F: Right. Maybe a 23-year-old student is not likely to be so curious about themselves in that way.

M: No way I would have been! Although I do think the right teacher could have opened the door to that.

F: As for me at 23, I realized in this initial week of Dalcroze that there were things that neither my parents, nor my kindergarten or primary school teachers, not my high school, not my first experiences with psychological studies, nothing had ever touched certain things about my self and my expressivity.

M: You knew that at 23?

F: Yes, I felt that. And that happened in the eurhythmics lessons. I realized that this lady had opened the space for me to act in a new way which had to do with making clear decisions about yes or no, about whether ‘yes’ meant forward or backward, slow or quick, with her or against her, twice or once, double-time—and here we are in notation! Not that we need notation, it’s just happening! What is she playing? What is the atmosphere in the room? It’s transmitted in the music so that I move in a certain way. The music pulled out of me a certain kind of expressivity that I wouldn’t use in my daily life because I was a very socialized person. Don’t do anything brave or extraordinary! Eurhythmics showed me that it was ok in this frame, this secure, protected space of learning and teaching, I can develop new tools and skills, new possibilities of self, just as you said. I am like you – thirteen years older, but it is still an ongoing process to inhabit my body more.

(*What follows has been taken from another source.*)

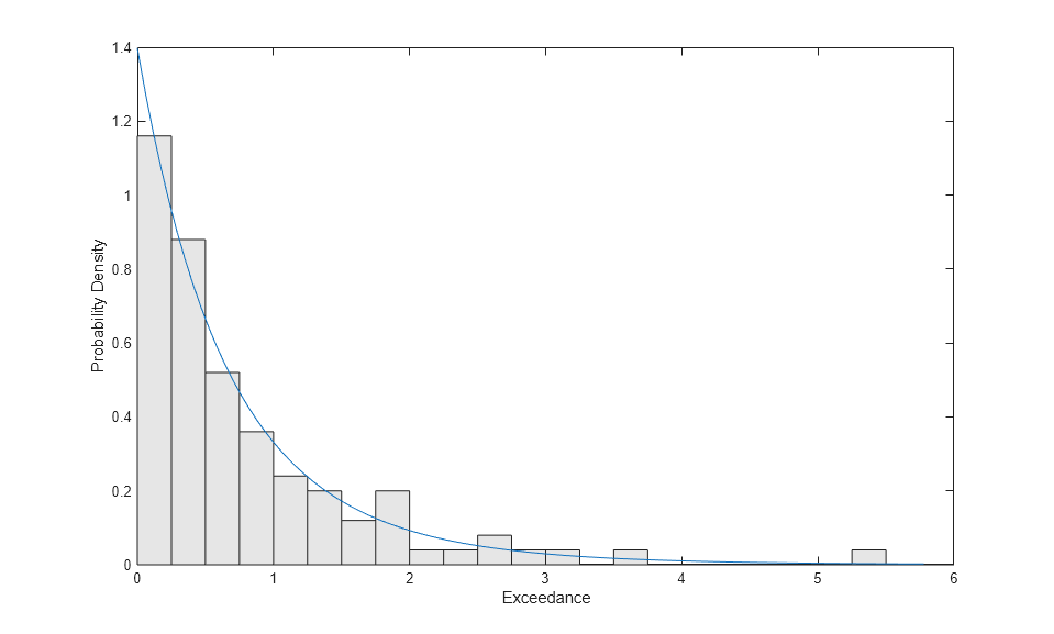 bins = 0:.25:7; h = bar(bins,histc(y,bins)/(length(y)*.25),'histc'); h.FaceColor = [.9 .9 .9]; ygrid = linspace(0,1.1*max(y),100); line(ygrid,gppdf(ygrid,kHat,sigmaHat)); xlim([0,6]); xlabel('Exceedance'); ylabel('Probability Density');
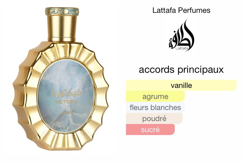 Victoria de Lattafa Perfumes est un parfum Floral Fruité Gourmand pour homme et femme. C'est un nouveau parfum. Victoria a été lancé en 2025. La note de tête est Lemon Meringue Pie; la note de coeur est Néroli; la note de fond est Vanille.

M: Still it is remarkable that you were able to recognize that in your twenties.

F: Yes. I felt that something was missing.

M: For me just going into music itself felt risky. I didn’t stumble into a Dalcroze class until fifteen years after my schooling.

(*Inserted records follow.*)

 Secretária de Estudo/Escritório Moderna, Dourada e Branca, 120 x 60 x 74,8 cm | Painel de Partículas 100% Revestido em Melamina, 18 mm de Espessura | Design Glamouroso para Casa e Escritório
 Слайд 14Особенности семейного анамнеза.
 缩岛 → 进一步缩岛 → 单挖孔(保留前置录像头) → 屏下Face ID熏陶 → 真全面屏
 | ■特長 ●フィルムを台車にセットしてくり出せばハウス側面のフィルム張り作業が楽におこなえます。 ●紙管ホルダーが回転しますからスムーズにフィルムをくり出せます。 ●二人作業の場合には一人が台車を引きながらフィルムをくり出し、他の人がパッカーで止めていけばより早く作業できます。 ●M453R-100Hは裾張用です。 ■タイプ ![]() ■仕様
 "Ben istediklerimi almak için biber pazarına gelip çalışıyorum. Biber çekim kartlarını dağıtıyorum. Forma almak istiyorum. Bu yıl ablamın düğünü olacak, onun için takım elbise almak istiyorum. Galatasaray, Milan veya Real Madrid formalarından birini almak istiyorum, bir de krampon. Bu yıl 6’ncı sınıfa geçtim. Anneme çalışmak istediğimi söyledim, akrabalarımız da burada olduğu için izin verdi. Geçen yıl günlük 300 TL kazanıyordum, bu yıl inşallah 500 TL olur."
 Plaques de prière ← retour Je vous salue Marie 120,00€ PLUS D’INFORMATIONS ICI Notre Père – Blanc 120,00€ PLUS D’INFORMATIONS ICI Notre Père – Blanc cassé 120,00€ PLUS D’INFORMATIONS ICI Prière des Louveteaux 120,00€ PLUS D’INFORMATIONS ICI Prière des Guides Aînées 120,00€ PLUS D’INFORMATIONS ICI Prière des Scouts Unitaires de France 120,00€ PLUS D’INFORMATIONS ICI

F: Maybe I was such an adaptive child, eager to fulfill the rules and meet expectations in my movements. But actually living is moving, after all. Eurhythmics was a door opener, or at least the first of many keys.

M: Well, sometimes in a eurhythmics class we are sort of like trained animals, responding to this and that. It can be great fun, but it’s not wild liberated free movement for the most part.

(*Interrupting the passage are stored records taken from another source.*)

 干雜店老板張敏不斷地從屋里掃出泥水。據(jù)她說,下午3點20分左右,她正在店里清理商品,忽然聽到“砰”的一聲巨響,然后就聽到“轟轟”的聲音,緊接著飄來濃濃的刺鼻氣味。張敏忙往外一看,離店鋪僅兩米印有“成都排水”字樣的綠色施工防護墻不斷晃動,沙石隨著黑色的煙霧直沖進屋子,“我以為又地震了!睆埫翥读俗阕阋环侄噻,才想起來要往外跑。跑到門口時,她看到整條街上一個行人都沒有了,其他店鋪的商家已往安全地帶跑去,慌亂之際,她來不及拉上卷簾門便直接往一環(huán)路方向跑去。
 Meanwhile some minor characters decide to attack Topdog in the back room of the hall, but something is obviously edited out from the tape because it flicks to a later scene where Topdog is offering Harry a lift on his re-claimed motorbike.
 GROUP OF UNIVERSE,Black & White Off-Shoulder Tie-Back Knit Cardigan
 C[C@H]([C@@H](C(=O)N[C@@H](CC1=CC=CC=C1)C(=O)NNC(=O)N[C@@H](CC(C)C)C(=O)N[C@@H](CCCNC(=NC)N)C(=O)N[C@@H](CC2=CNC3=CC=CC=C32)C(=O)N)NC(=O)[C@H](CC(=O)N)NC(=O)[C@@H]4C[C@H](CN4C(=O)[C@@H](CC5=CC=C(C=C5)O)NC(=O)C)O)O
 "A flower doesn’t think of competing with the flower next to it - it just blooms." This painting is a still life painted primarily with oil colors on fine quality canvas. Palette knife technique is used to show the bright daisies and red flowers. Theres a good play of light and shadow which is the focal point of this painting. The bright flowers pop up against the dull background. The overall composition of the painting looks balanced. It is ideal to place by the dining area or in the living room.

F: My teacher was not one of those. She was in a big discussion with Geneva and with Marie-Laurie Bachmann. But she got a lot of respect and an Honorary Degree from the Institut Jaques-Dalcroze in Geneva, although they knew that she was coming from deep psychology, and that she was using this inter-personal aspect a lot in her lessons. It was about life, expressivity, and yes, coordination, too, but not exclusively. Our goal was to express ourselves, to find ourselves, to become more ourselves.

M: This leads us to the idea of complexity, how it can be used to bypass some controls we might have. It’s a kind of paradox. By entering that complexity, you have to let go of control.

F: Yes! That was the second door for me—TaKeTiNa. That was complete complexity.

M: When did you encounter that in relation to Dalcroze?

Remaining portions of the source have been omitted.